*** Opening EXCERPTED RECORDS ***

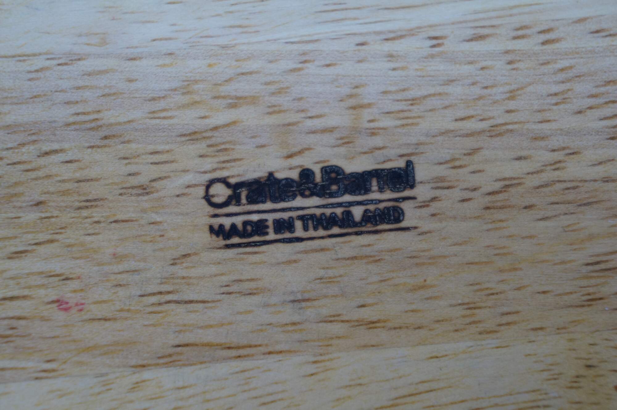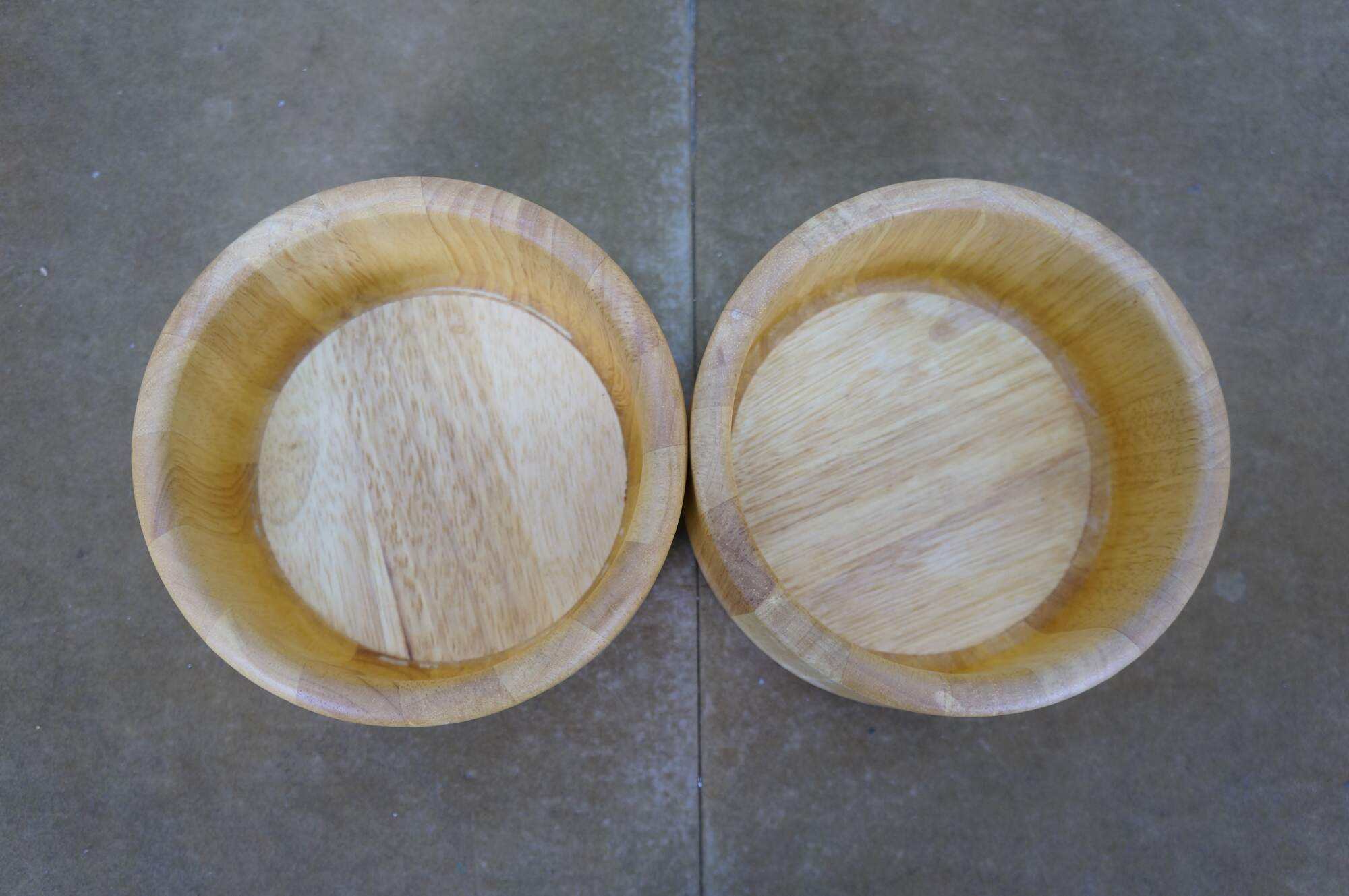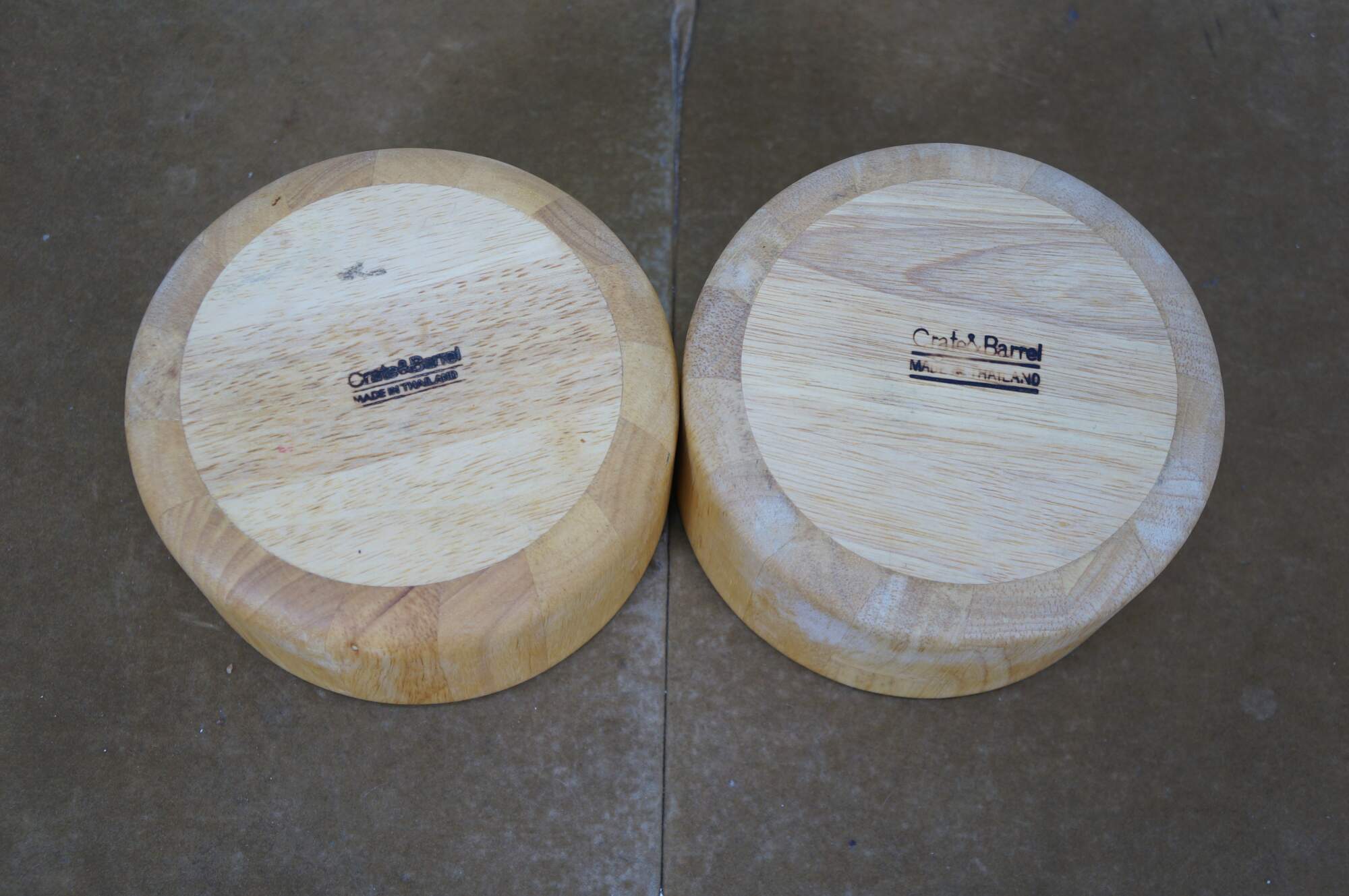 Pair of Crate & Barrel round, straight sided wooden salad bowls. Made in Thailand.
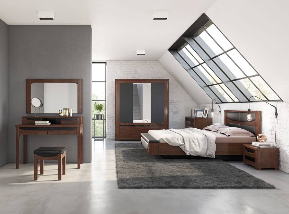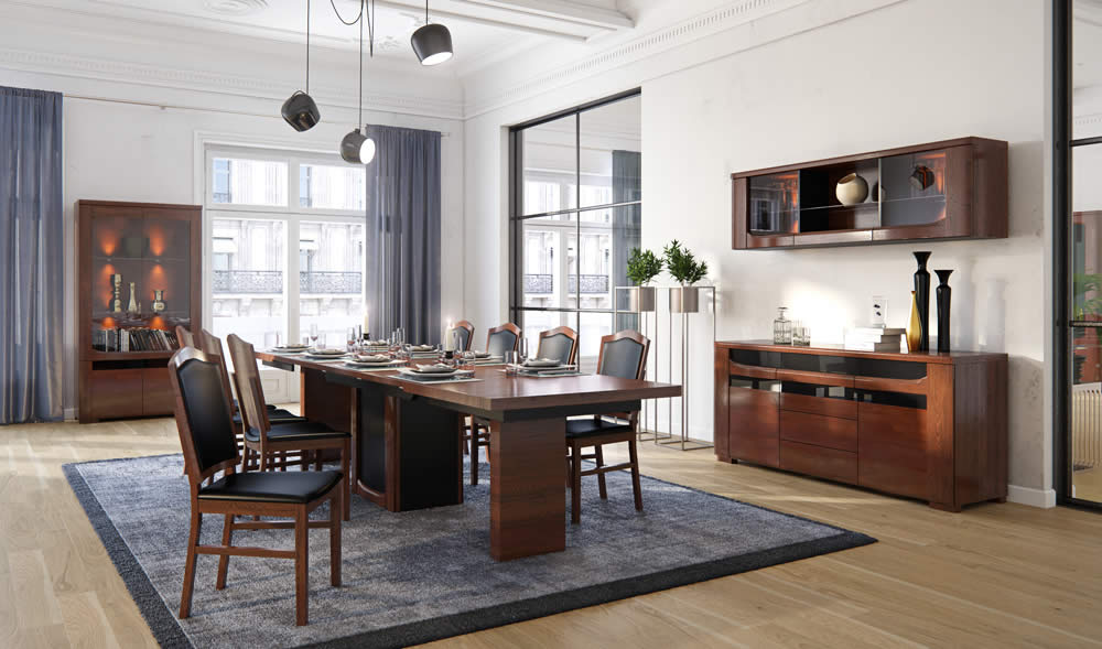 Kolekcja Riva to meble w stylu nowoczesnym, przeznaczone do jadalni i sypialni. Elegancki dąb burgundzki o ciemnej, głębokiej brązowej barwie, w zestawieniu z naturalnymi materiałami i szkłem Antisol tworzy nastrojową kompozycję, kreując wnętrza o niepowtarzalnym uroku. Meble sprawiają wrażenie masywnych i ciężkich, ale odpowiednie proporcje geometrycznych form, wprowadzają ład i harmonię opartą na symetrii. Koresponduje z nią perfekcyjne wykończenie łagodnie zaoblonych krawędzi. Efektowne, gięte uchwyty nadają bryłom szczególnej elegancji i wdzięku. Delikatny rysunek słojów drewna o nieregularnych liniach sprawia, że powierzchnie blatów, frontów i cokołów zyskują dekoracyjną strukturę.
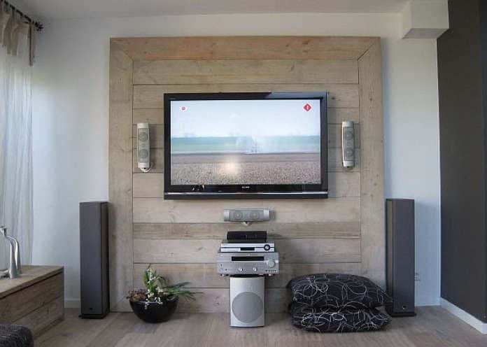 Otra alternativa es desmontar los tablones para crear un panel decorativo. Corta las piezas en diferentes tamaños y colócalas en la pared uno al lado del otro, luego añade las piezas de soporte aéreo del televisor y listo. También puedes combinar ideas y hacer tanto el panel como una pequeña mesa que te permitan crear un maravilloso punto focal en el lugar.
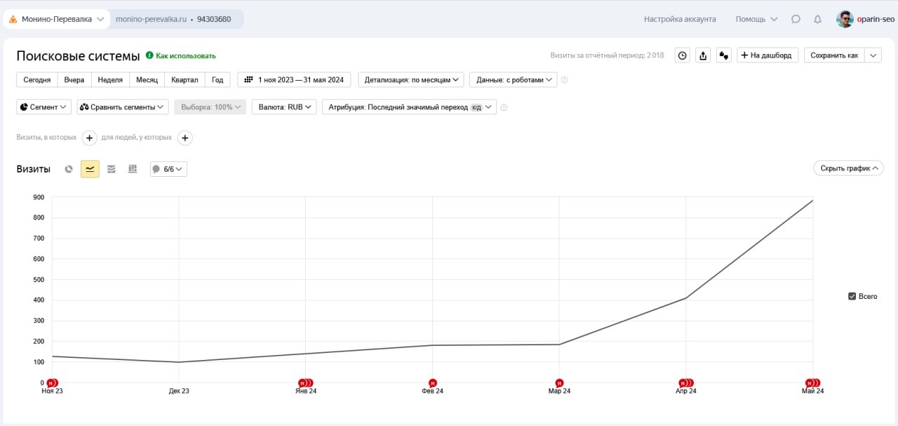 Однако наибольший эффект был достигнут спустя несколько месяцев, когда сайт успел полностью проиндексироваться и выйти на высокие позиции по большинству ключевых запросов. В мае, в пик сезона для данной отрасли, месячный трафик из поиска достиг 883 переходов.
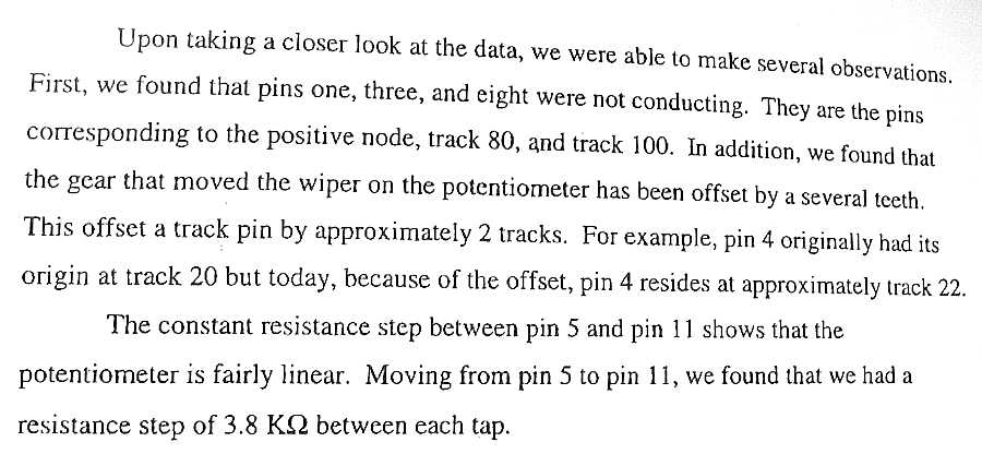 2. "We found that the gear that moved the wiper on the potentiometer has been offset by several teeth. This offset a track pin be approximately 2 tracks. For example, pin 4 originally had its origin at track 20 but today, because of the offset, pin 4 resided at approximately track 22.
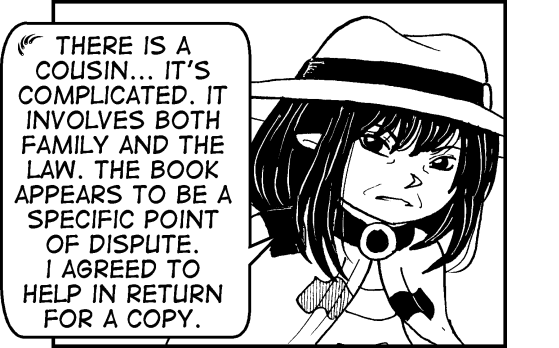 "Ellis was not the one causing the problem. There is a cousin... it's complicated. It involves both family and the law. The book appears to be a specific point of dispute. I agreed to help in return for a copy."

*** Closing EXCERPTED RECORDS ***

Retype the line containing "approximately track 22." and each line after it through the last line of the entries above, exactly, with no pictures and nothing else.

 2. "We found that the gear that moved the wiper on the potentiometer has been offset by several teeth. This offset a track pin be approximately 2 tracks. For example, pin 4 originally had its origin at track 20 but today, because of the offset, pin 4 resided at approximately track 22.
 "Ellis was not the one causing the problem. There is a cousin... it's complicated. It involves both family and the law. The book appears to be a specific point of dispute. I agreed to help in return for a copy."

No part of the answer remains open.